___ RECORD SET ___

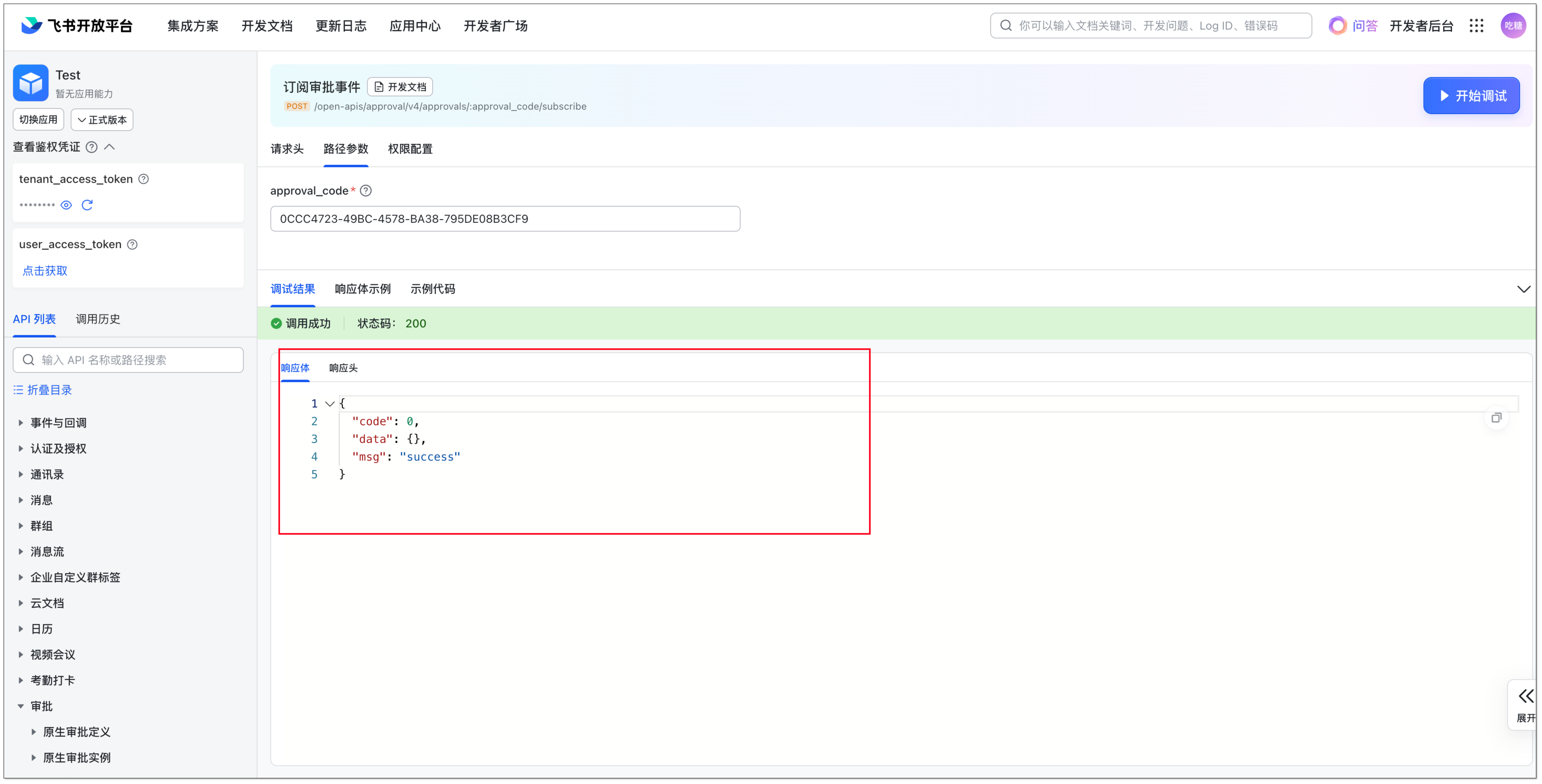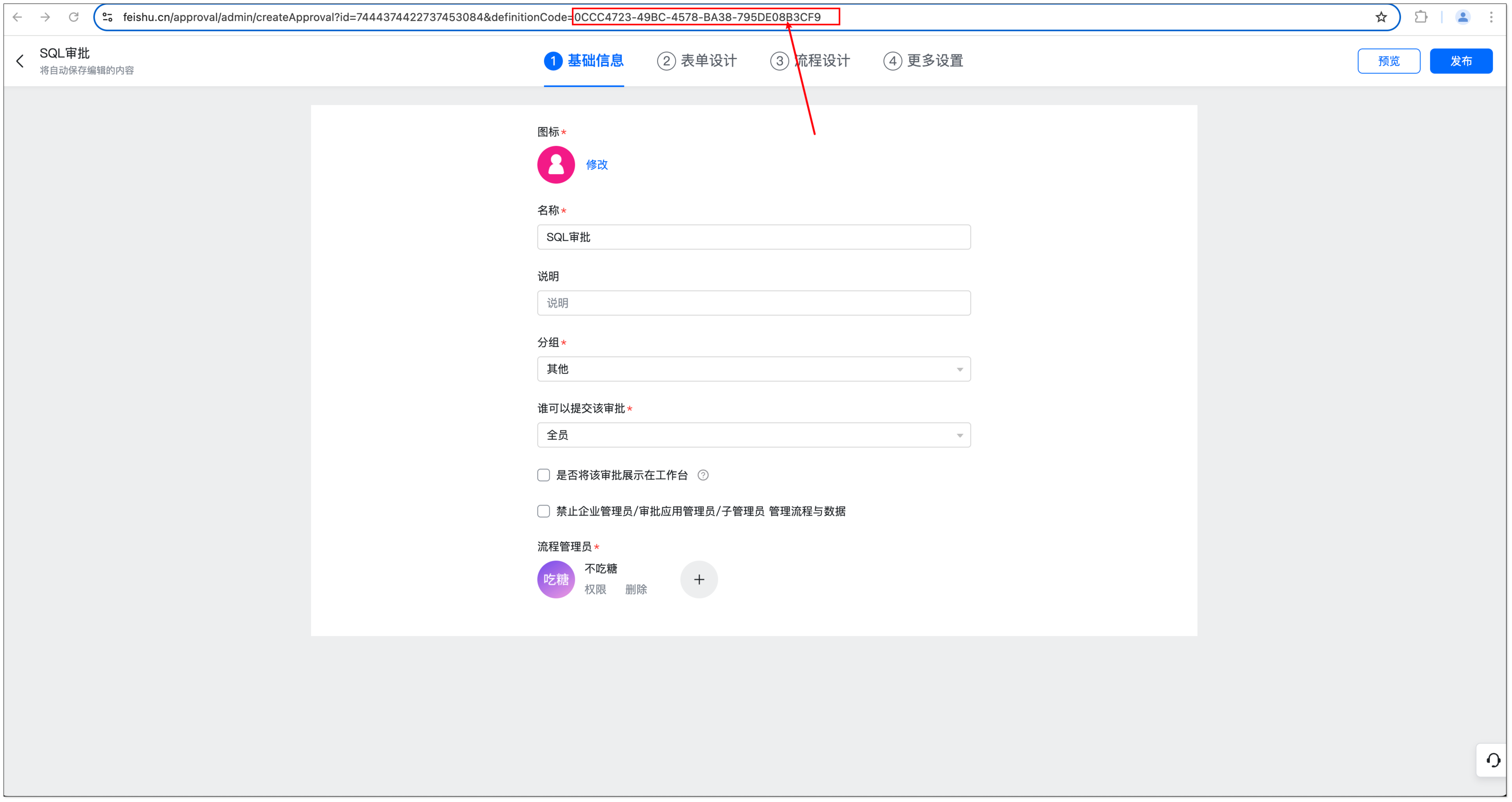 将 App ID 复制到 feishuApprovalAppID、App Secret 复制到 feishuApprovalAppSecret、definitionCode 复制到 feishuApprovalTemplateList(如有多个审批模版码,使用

___
___ RECORD SET ___

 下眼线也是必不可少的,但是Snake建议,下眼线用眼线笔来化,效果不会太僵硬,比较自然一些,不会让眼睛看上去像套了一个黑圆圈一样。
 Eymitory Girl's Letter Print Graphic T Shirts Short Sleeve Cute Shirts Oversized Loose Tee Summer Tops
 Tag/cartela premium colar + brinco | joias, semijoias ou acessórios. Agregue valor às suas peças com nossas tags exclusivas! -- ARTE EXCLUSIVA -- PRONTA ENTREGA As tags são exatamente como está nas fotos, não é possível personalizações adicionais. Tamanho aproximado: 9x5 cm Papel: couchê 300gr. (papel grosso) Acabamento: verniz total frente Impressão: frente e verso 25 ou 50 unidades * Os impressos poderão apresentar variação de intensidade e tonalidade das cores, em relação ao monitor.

___
___ RECORD SET ___

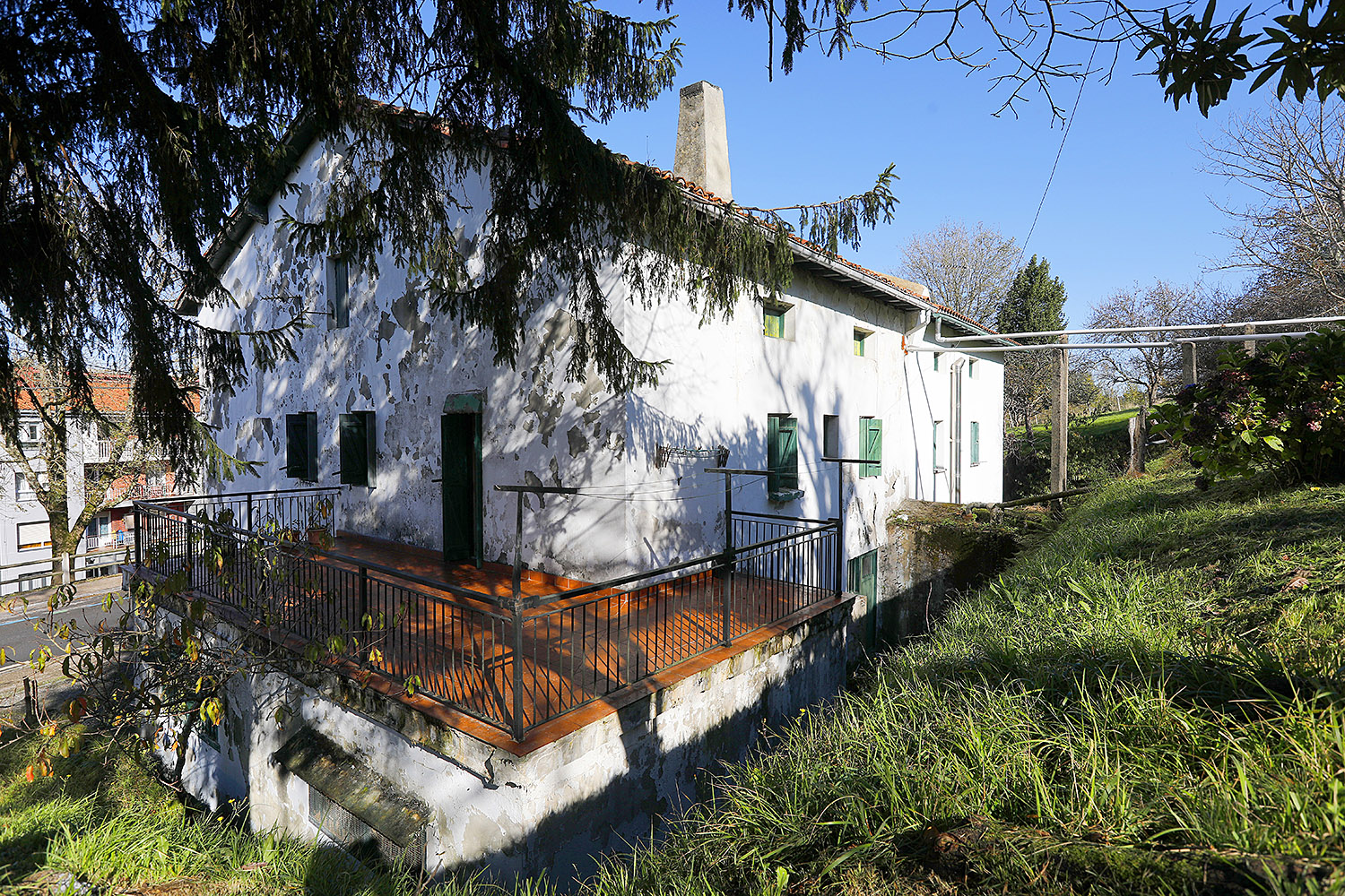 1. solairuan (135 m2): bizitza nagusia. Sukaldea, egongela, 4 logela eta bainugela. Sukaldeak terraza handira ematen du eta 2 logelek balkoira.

___

HOW TO COMPLETE THIS TASK
Using the entries above, give again exactly the lines from the line holding "下眼线也是必不可少的,但是S" through the line holding "Eymitory Girl's Letter". Include both end lines and nothing else.

FINISHED TASK
 下眼线也是必不可少的,但是Snake建议,下眼线用眼线笔来化,效果不会太僵硬,比较自然一些,不会让眼睛看上去像套了一个黑圆圈一样。
 Eymitory Girl's Letter Print Graphic T Shirts Short Sleeve Cute Shirts Oversized Loose Tee Summer Tops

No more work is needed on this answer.